# [Your task]
Each entry should be copied as it stands, leaving the pictures behind.

Start of Excerpted data

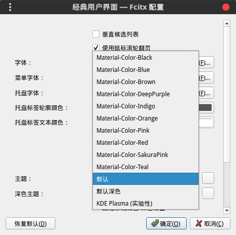 确定后会修改 ~/.config/fcitx5/conf/classicui.conf 里的 Theme=default 字段,立即生效。
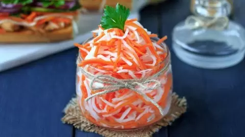 Маринованная морковь с дайконом — это не просто закуска, а настоящая находка, способная разнообразить любой стол. Эта вьетнамская классика удостоилась признания благодаря своей простоте и свежести. Во многих кафе и ресторанах Восточной Азии она неизменно гордо занимает место в знаменитом сэндвиче «Бан Ми», но ее применение гораздо шире. Сочетание кисло-сладкого маринада с хрустящей текстурой овощей привлекает к этому блюду внимание всех, кто пробует его. Это идеальный гарнир к мясным и рыбным блюдам, а также превосходная начинка для бутербродов.
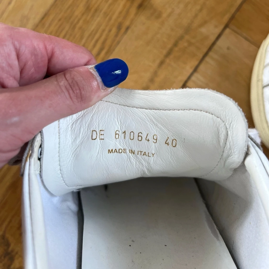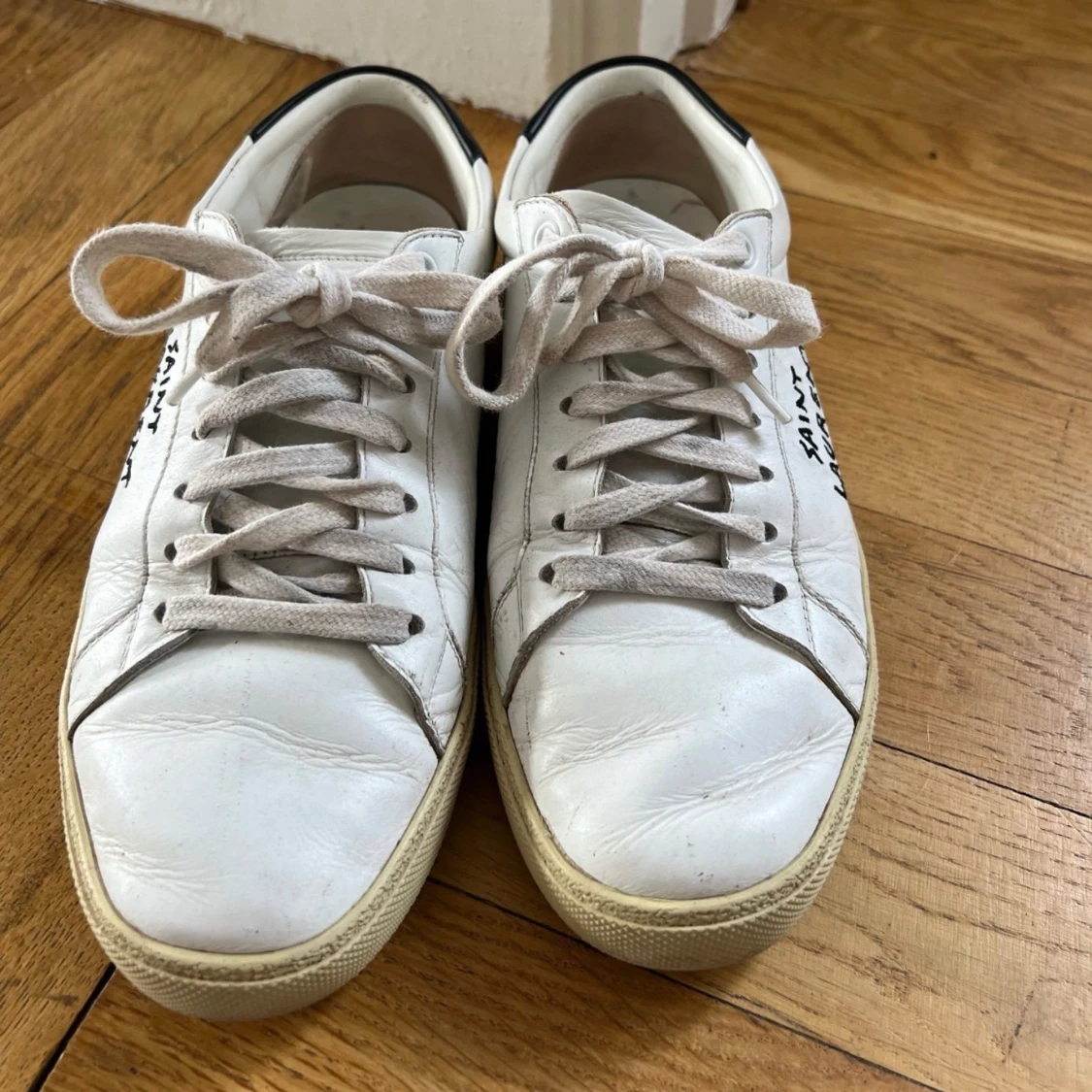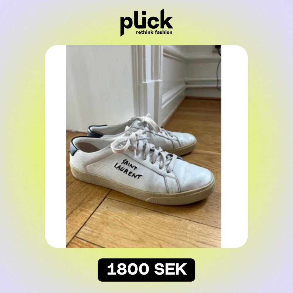 Vita sneakers från Saint Laurent i storlek 40. Köpta 2021 begagnat men har efter det varsamt använt dom. Med ett par nya skosnören blir dom som nya! Digitalt kvitto finns. Nypris 7000kr
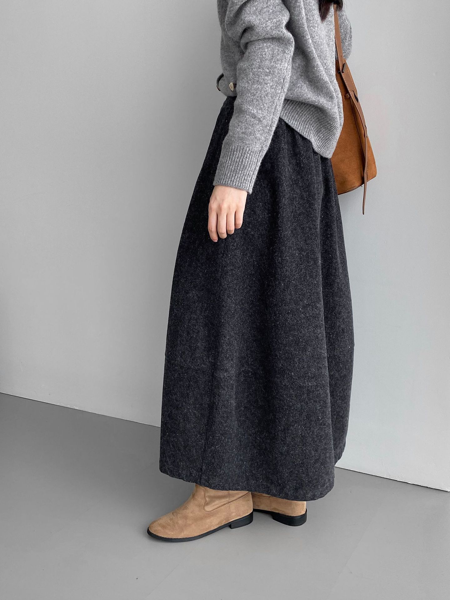【ボトムス】落ち感 細見え ウール裏起毛 Aラインロング スカート 【JZシリーズ】
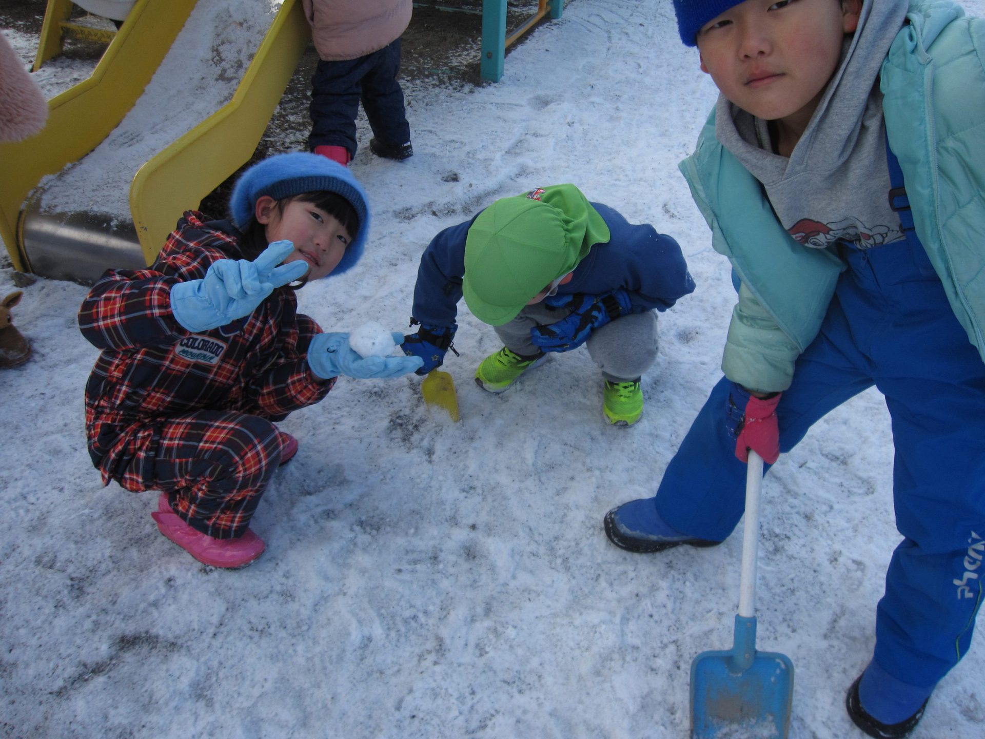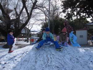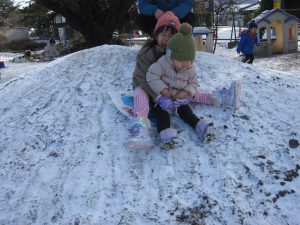 雪が降りました。園庭に積もった雪で雪遊びをしました!

End of Excerpted data

# [Answer to the exercise]
 确定后会修改 ~/.config/fcitx5/conf/classicui.conf 里的 Theme=default 字段,立即生效。
 Маринованная морковь с дайконом — это не просто закуска, а настоящая находка, способная разнообразить любой стол. Эта вьетнамская классика удостоилась признания благодаря своей простоте и свежести. Во многих кафе и ресторанах Восточной Азии она неизменно гордо занимает место в знаменитом сэндвиче «Бан Ми», но ее применение гораздо шире. Сочетание кисло-сладкого маринада с хрустящей текстурой овощей привлекает к этому блюду внимание всех, кто пробует его. Это идеальный гарнир к мясным и рыбным блюдам, а также превосходная начинка для бутербродов.
 Vita sneakers från Saint Laurent i storlek 40. Köpta 2021 begagnat men har efter det varsamt använt dom. Med ett par nya skosnören blir dom som nya! Digitalt kvitto finns. Nypris 7000kr
【ボトムス】落ち感 細見え ウール裏起毛 Aラインロング スカート 【JZシリーズ】
 雪が降りました。園庭に積もった雪で雪遊びをしました!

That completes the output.